--- START ---

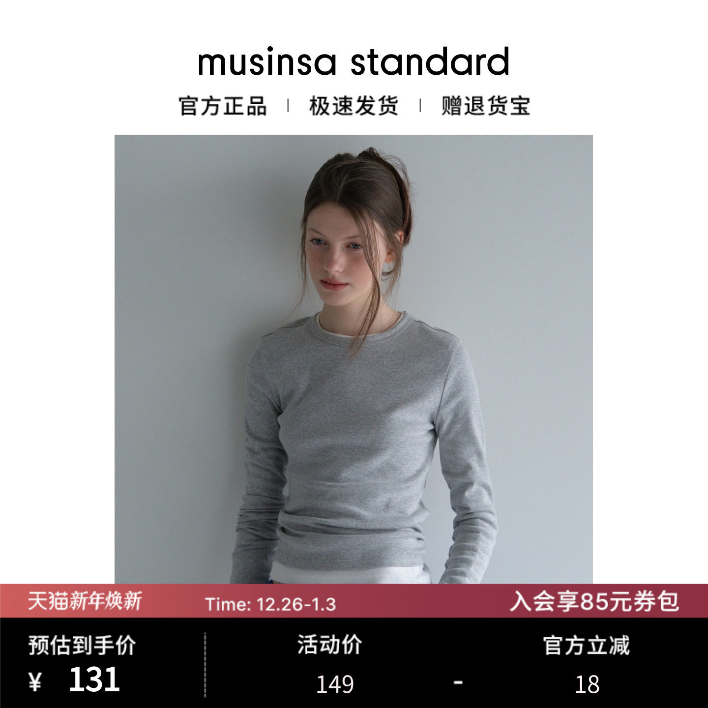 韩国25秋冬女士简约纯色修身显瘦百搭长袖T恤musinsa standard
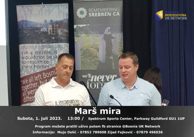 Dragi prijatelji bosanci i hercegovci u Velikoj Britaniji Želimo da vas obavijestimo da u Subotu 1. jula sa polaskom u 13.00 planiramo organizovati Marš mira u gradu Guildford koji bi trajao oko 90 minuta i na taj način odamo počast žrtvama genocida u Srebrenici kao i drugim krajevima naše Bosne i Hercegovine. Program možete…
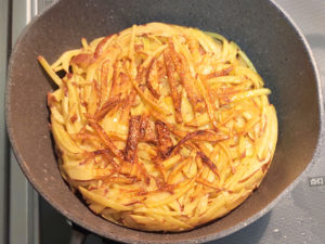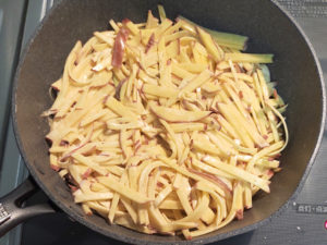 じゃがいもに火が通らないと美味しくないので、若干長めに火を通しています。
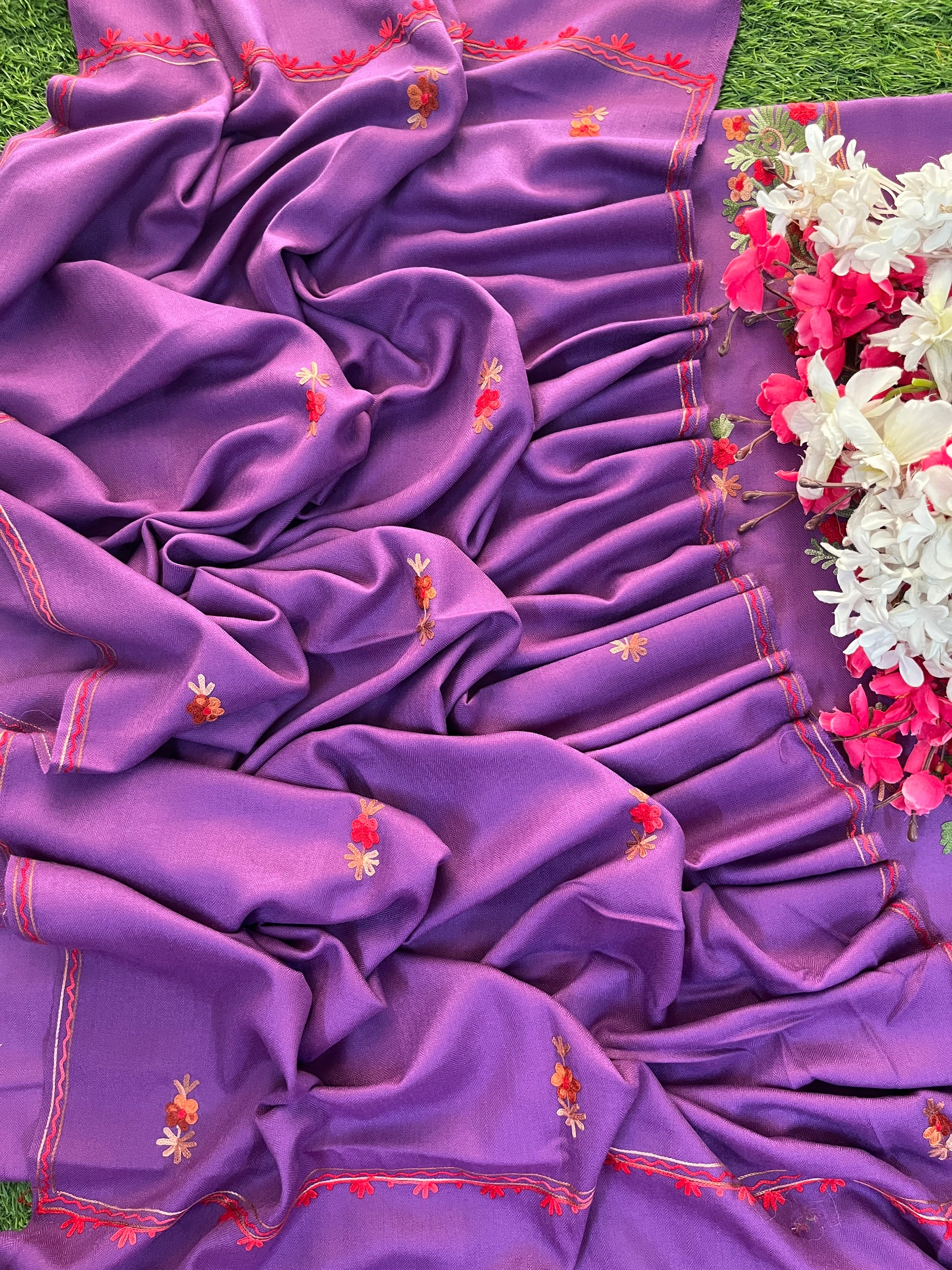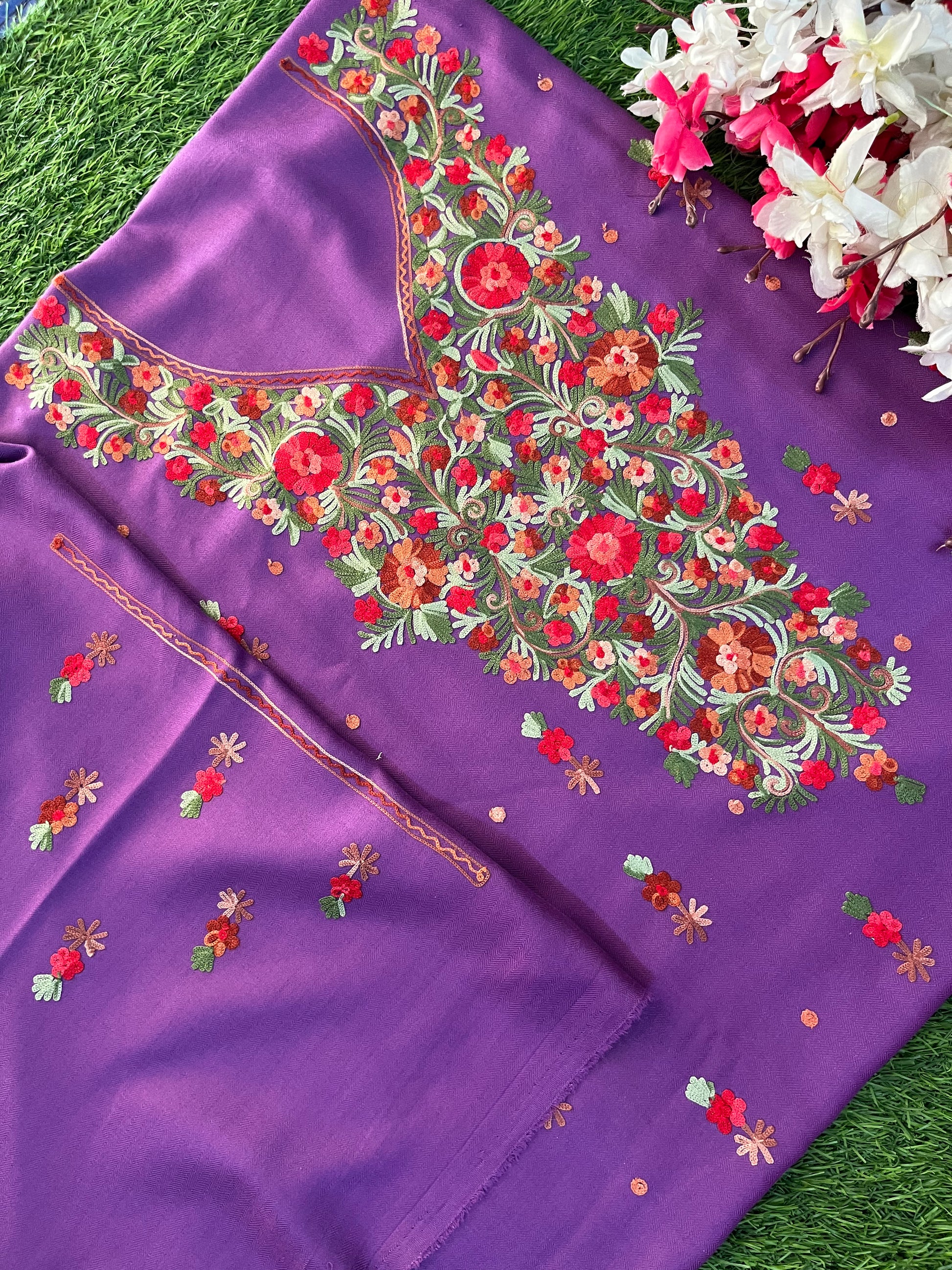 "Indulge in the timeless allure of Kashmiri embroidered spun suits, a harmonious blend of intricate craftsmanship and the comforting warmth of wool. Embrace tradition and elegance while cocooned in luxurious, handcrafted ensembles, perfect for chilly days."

--- END ---
--- START ---

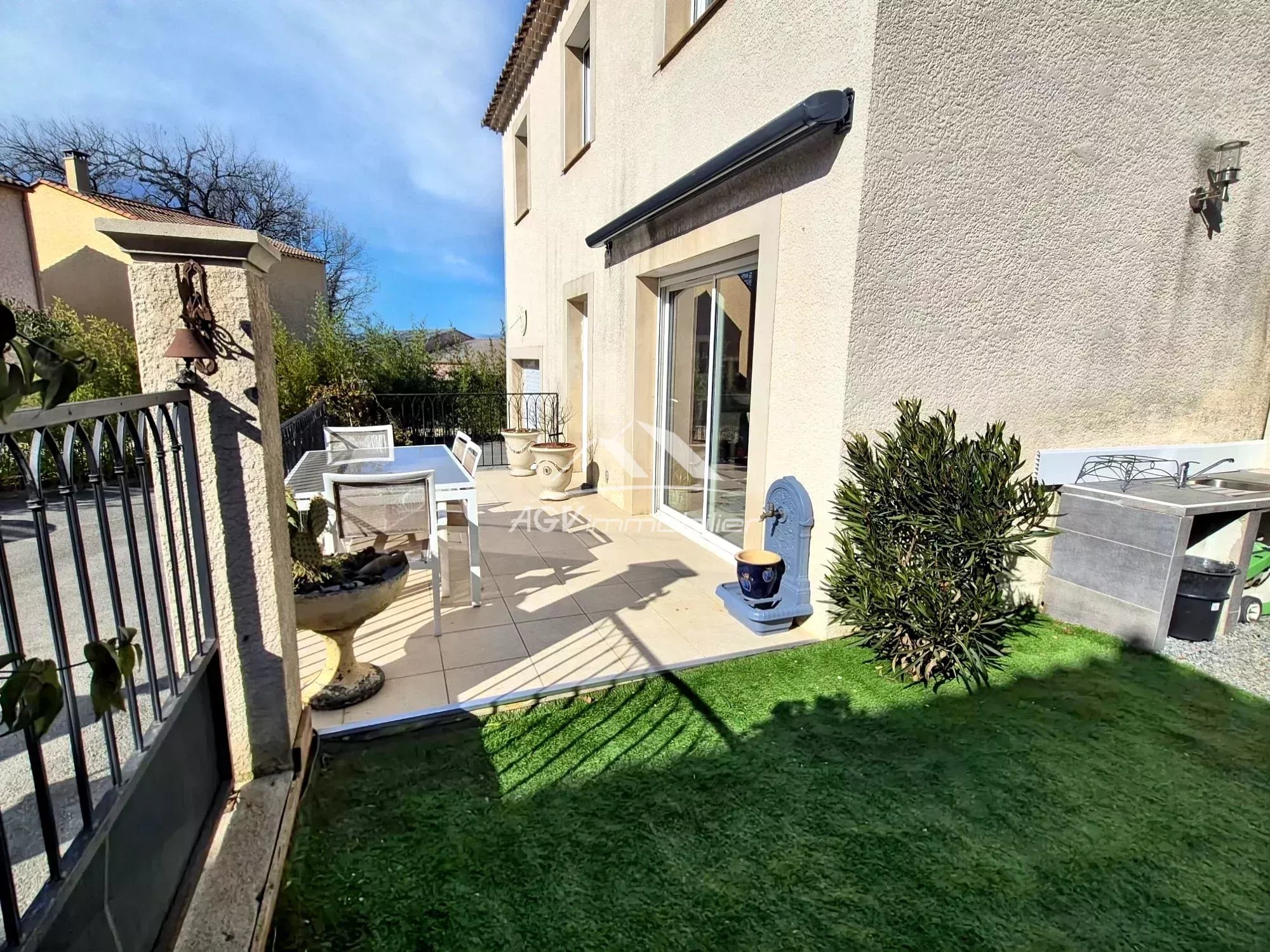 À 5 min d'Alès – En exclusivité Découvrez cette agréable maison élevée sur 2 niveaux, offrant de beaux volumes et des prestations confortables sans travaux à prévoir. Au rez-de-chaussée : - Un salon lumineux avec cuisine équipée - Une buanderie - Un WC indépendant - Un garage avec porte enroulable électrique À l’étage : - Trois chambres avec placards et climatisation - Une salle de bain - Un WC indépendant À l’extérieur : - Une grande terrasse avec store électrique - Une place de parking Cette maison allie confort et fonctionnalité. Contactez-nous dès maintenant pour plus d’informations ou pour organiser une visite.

--- END ---
--- START ---

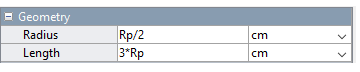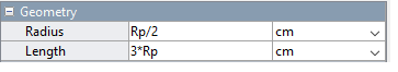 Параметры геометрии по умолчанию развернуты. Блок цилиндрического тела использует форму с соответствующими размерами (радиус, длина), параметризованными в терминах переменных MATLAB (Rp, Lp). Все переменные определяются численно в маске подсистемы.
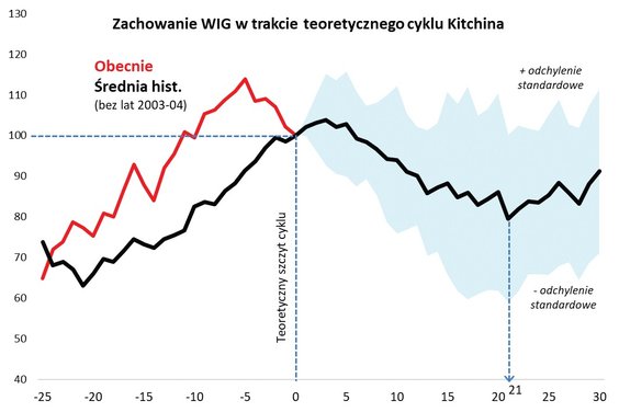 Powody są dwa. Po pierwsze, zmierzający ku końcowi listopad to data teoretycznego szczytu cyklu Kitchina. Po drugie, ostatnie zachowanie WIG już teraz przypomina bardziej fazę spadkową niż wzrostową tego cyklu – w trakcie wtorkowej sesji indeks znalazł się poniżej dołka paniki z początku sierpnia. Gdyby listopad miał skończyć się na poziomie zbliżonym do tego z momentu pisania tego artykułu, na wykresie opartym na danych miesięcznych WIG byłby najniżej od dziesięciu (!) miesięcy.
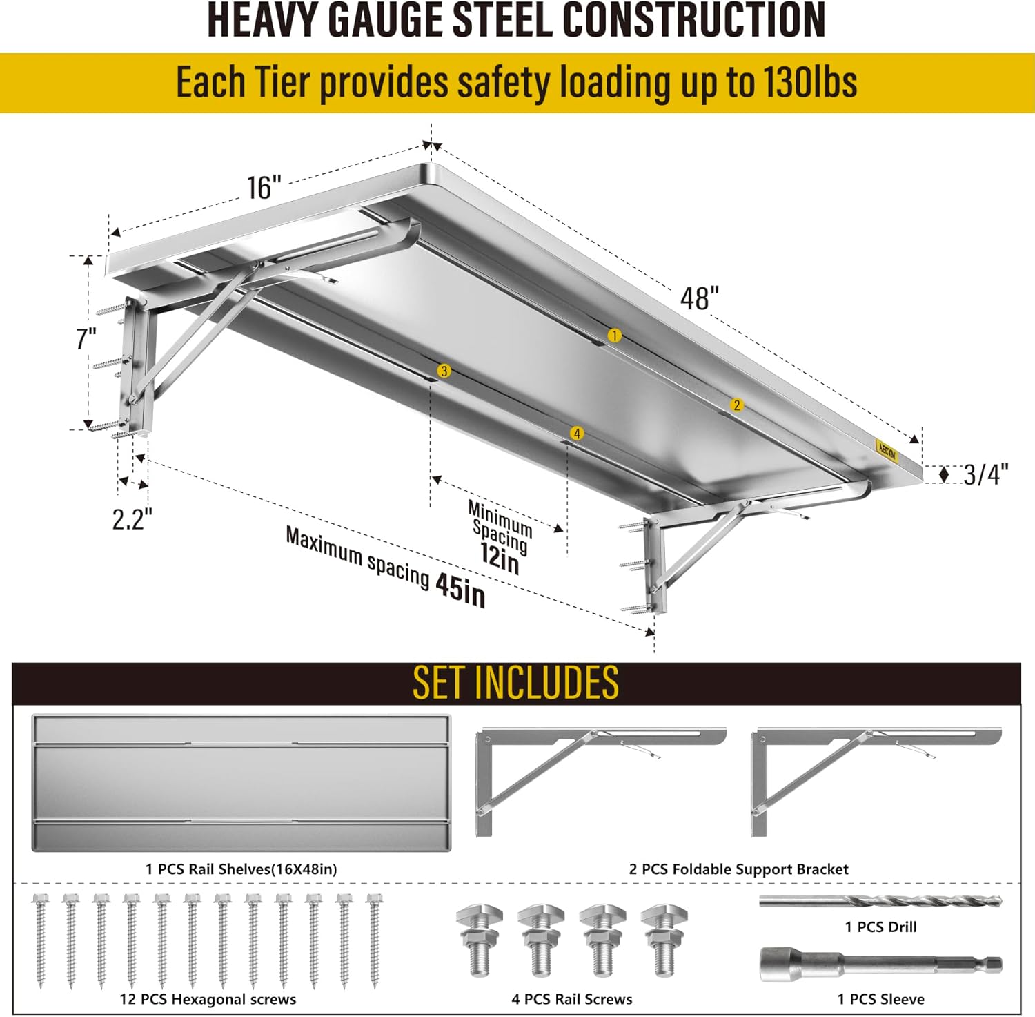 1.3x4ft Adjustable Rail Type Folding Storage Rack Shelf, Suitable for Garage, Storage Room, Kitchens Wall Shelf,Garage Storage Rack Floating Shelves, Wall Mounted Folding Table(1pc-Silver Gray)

--- END ---

Task description:
What belongs in the answer is each line above from the line with "Powody są dwa." to the line with "1.3x4ft Adjustable Rail", inclusive, reproduced exactly and free of pictures.

Written solution:
 Powody są dwa. Po pierwsze, zmierzający ku końcowi listopad to data teoretycznego szczytu cyklu Kitchina. Po drugie, ostatnie zachowanie WIG już teraz przypomina bardziej fazę spadkową niż wzrostową tego cyklu – w trakcie wtorkowej sesji indeks znalazł się poniżej dołka paniki z początku sierpnia. Gdyby listopad miał skończyć się na poziomie zbliżonym do tego z momentu pisania tego artykułu, na wykresie opartym na danych miesięcznych WIG byłby najniżej od dziesięciu (!) miesięcy.
 1.3x4ft Adjustable Rail Type Folding Storage Rack Shelf, Suitable for Garage, Storage Room, Kitchens Wall Shelf,Garage Storage Rack Floating Shelves, Wall Mounted Folding Table(1pc-Silver Gray)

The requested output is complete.